Their film’s deep confessional detail comes courtesy of a work-in-progress memoir that Marlon and his children found while going through their mother’s papers after she died in 2017. Excerpts from her notes and drafts are read by Scarlett Johansson (sans Pallenberg’s pan-European accent), accompanied by commentary from Richards, the couple’s daughter, Angela (née “Dandelion”) Richards, plus never-before-seen Super-8 home movies, and personal photographs that were matched to actual events when possible. The family affair also features insights from Pallenberg pals like singer Marianne Faithfull, director Volker Schlöndorff, and model Kate Moss. (Mick Jagger wasn’t asked to participate, although the film suggests that he, too, fell for the free-spirited Pallenberg at one point—and Faithful, Jagger’s then girlfriend, agrees.)
Life for Pallenberg amped up considerably after she met the Stones at a 1965 Munich concert. There, she instantly connected with Jones (we see photos of that backstage moment). Not long after, they set up house in London. But Pallenberg says in the film that when his violent abuse and increasing drug use became too much, she fell into Richards’s welcoming arms.

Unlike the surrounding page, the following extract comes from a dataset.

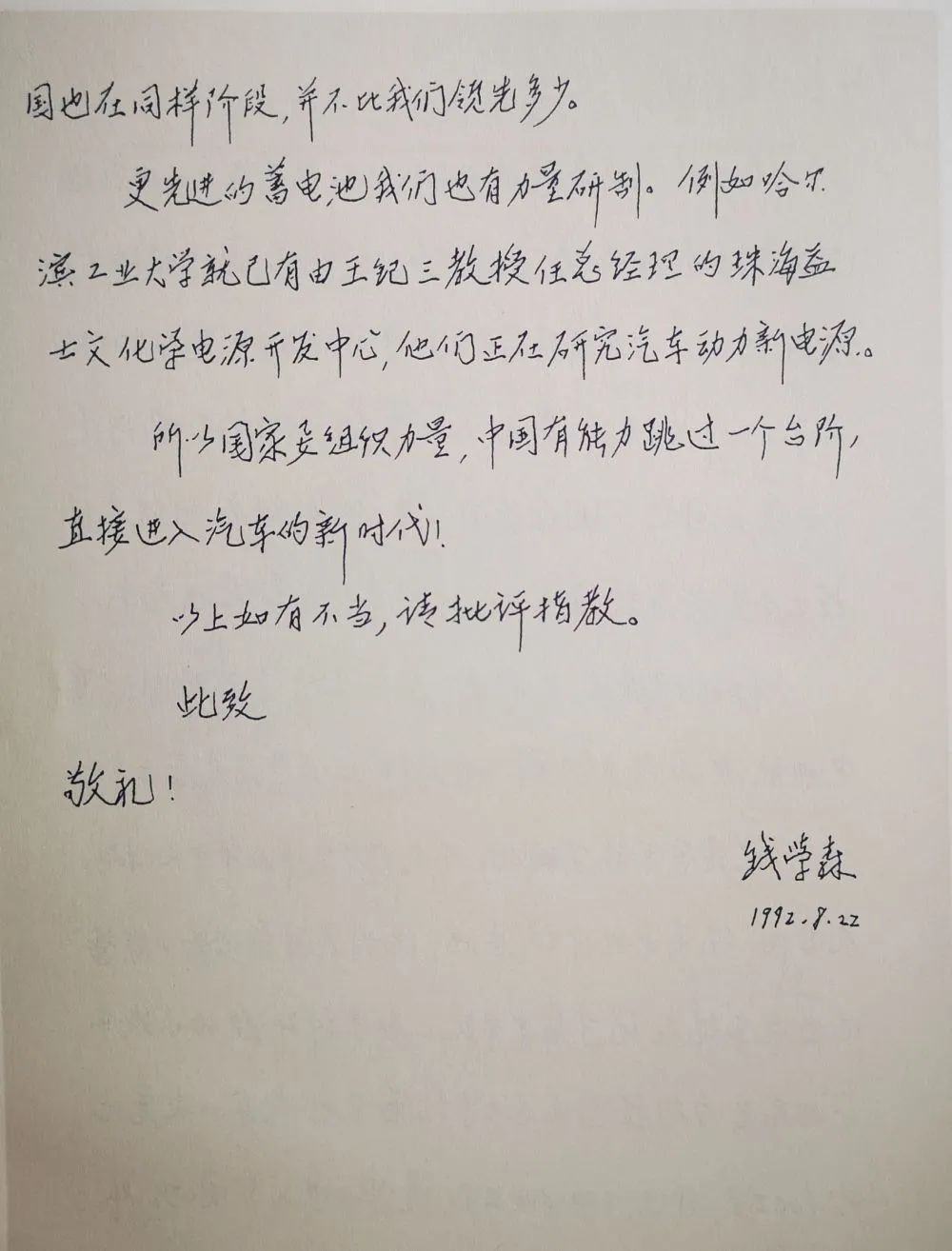 1992年8月22日,钱学森写信,探讨汽车工业。图片来源:钱学森图书馆

“For some reason, she found me as mysterious and as attractive as I found her,” the now 80-year-old musician remembers in the film. Though he was “bursting in love” with the woman he would write “You’ve Got the Silver” for, Richards says he never quite understood what she saw in him. “Basically, I was trying to keep up with her,” he laughs. For her part, Pallenberg says in the doc that the shy Richards offered “a different kind of love than I was used to, and it was a good time in my life.”
Their 13-year relationship started off white-hot—“I was considered for a while to be, like, the best-dressed man in the world,” Richards chuckles about Pallenberg’s wardrobe styling. But quickly, it turned chaotic. “There was this sort of Bonnie and Clyde thing about it,” he says—mostly because they were both using heroin and struggling with addiction at the time. In the film, Faithfull says she wrote the song “Sister Morphine” for Pallenberg after Pallenberg discovered that she was pregnant with Marlon—and, incredibly, got a shot of the narcotic to deal with withdrawal. Her friend was further stymied by Richards’s edict that Pallenberg not work. “He resented anything that would take her away from him,” her friend Stanislas “Stash” Klossowski de Rola says in the film.

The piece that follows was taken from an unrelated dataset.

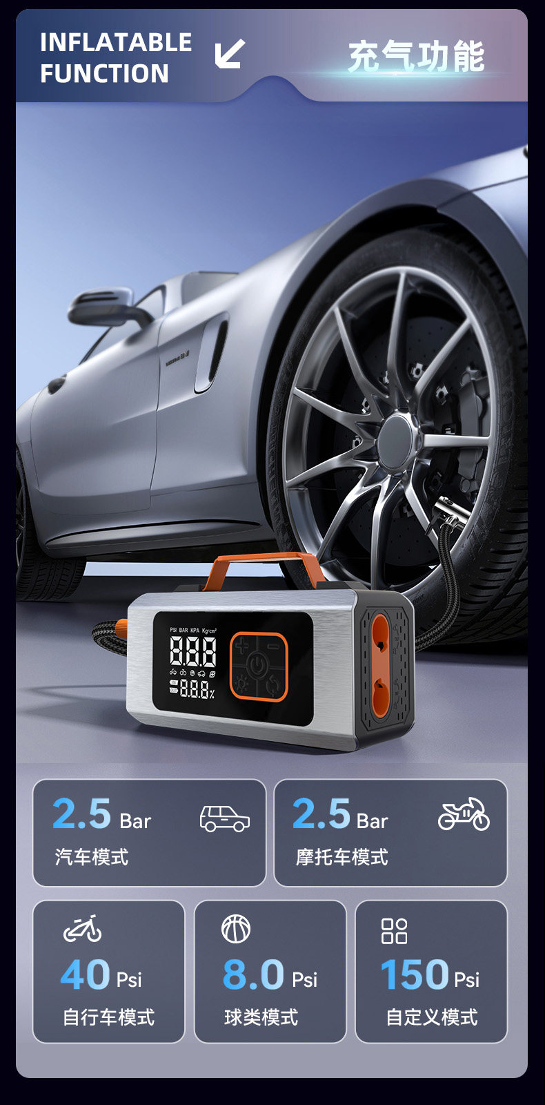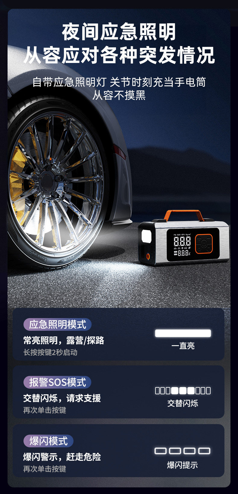 Car Air Pump, Electric Tire Inflator, Emergency Jump Starter, Special Power Bank for Jump Starting, Ignition Tool

The couple ultimately had three kids (though their youngest, Tara, died of sudden infant death syndrome), survived at least three houses burning down (according to Bloom), and went into exile twice: first to the French Riviera—in the film, actor Jake Weber recalls how his drug-smuggler dad brought cocaine to Mick and Bianca Jagger’s wedding, and Pallenberg later let the eight-year-old sample it!—and later, to Switzerland. According to the film, the latter country was the only one that would take the family after a warrant was issued for Richards’s and Pallenberg’s arrests due to heroin possession. “We were fucking junkies, for christ sake,” Richards says in the doc.
Bloom says that when Marlon describes his childhood, he recalls “[heroin] needles in the flowerpots.” He notes in the film that it was his mother’s desire not to be a victim that ultimately saved her. Still, according to the directors, there were many more incendiary incidents before she started to seriously commit to sobriety in the late 1980s, including a mental breakdown after Tara died, when four-year-old Angela was sent to live with Richards’s mother. (“That was incredibly sad for us. But given the circumstances, it was the only decision,” Richards allows). After separating from Richards, the film explains, Pallenberg’s young lover accidentally shot and killed himself in Richards’s South Salem, New York, home, where she and Marlon had been living.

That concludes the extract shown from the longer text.